Doing these actions will help you become more familiar with your camera and help you begin to understand how to be more creative with your shots. If you don’t feel like taking photos of garage sale junk or fruit, try going outside and doing the same exercise with natural objects. If you have an animal, cat, dog, or bird, you can do the same with them. Pets are great because when they move around, it will train your skills to be quicker. If they are more casual and sit still, it allows you to experiment a bit more with your camera angles and settings.

Photography Tip #4: Lighting your subject.

To impress anyone with a photograph, make sure you have good lighting. There is nothing worse than taking a family photo only to have shadows on everyone’s faces, or dark spots under their eyes from improper lighting. If you have a basic consumer camera, the flash isn’t that powerful and usually only works for closer images. Your flash may work better in darker settings, but during the day most basic built-in flashes are not capable of removing shadows from over 7 feet away. The best way to avoid heavy shadows is to be aware of the time of day if you are shooting outside. Time of day and lighting can vary per state and country, but generally at high noon the sun is the highest in the sky, so that means your subjects will be lit from directly above. This causes harsh shadows in the eye sockets and under the nose. It’s generally not an attractive look. Late at night with a basic flash is not the most pleasant thing either because it is straight on. Your subjects will have the “Deer in the Headlights” look, not so good either. The best way to avoid these situations is put yourself in the place of the subject. How would you want to look? Like a superstar, right?
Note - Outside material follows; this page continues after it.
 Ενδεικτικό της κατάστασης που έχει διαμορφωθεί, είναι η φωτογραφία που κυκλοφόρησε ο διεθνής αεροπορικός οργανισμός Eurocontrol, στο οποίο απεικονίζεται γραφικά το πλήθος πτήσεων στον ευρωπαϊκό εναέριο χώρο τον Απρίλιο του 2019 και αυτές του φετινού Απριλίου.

The best times to shoot photos of people are late in the afternoon when the sun is warm, glowing and almost down. In California where I am at, this is usually around 4 or 5pm. If you are an early bird, you can get up early in the morning as the sun begins to rise, you can get the same soft glowing effect. If you don’t have a choice, and you have to shoot in the middle of the day try to find a good shady spot for your subjects. If it is a tree you find, ensure there are not any random bits of light sneaking through the leaves onto your subjects face. Having blotchy shadows on your face is not attractive either. If you are taking photos of people, try to get close enough that your flash does work. Most people like upper body to close-up shots anyway. A good way to get better with your lighting is to buy a foam head. You can get these online and sometimes at wig shops if they have extras. This way you have a foam person to practice with and won’t insult anyone. You don’t have to get a fancy kit for this. Grab a couple lamps from around the house and position them a bit differently around the subject to find the most attractive light.
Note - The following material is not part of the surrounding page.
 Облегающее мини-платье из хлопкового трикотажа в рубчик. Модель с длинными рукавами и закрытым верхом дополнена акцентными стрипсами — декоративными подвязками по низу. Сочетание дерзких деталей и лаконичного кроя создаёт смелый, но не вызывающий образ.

Photography Tip #5: Focus is key to good photography.

Have you ever seen a photo that could have been really great, but the focus was all wrong? Bad focus is fairly common and sometimes completely ignored. There is nothing worse than a really good photo with bad focus. You may not know this but focusing on the right subject in a photo can dramatically change the emotion of the photo. When you are getting ready to fire your camera, stop and think about what you are actually trying to capture. Have you ever tried to take a photo of a beautiful forest only to find out in the actual photo it just looks like a pile of sticks?

Or maybe you have tried to take a picture of a friend in a crowded place and they don’t even stand out. Focus is a major part of the photo and should be carefully crafted like the rest of the photo. When shooting photos of people, you can zoom in about 30 or 40% and get in a little closer, about 3-5 feet away. This will cause the background to blur a bit, making the focus on the subject. If you are standing too far away and do not zoom, the entire composition will be in focus. Depth of field is important. You want your photos to have a foreground, mid-ground and background. You won’t always have a foreground especially if you are doing close-up photos, but making sure your background and subject are clearly defined.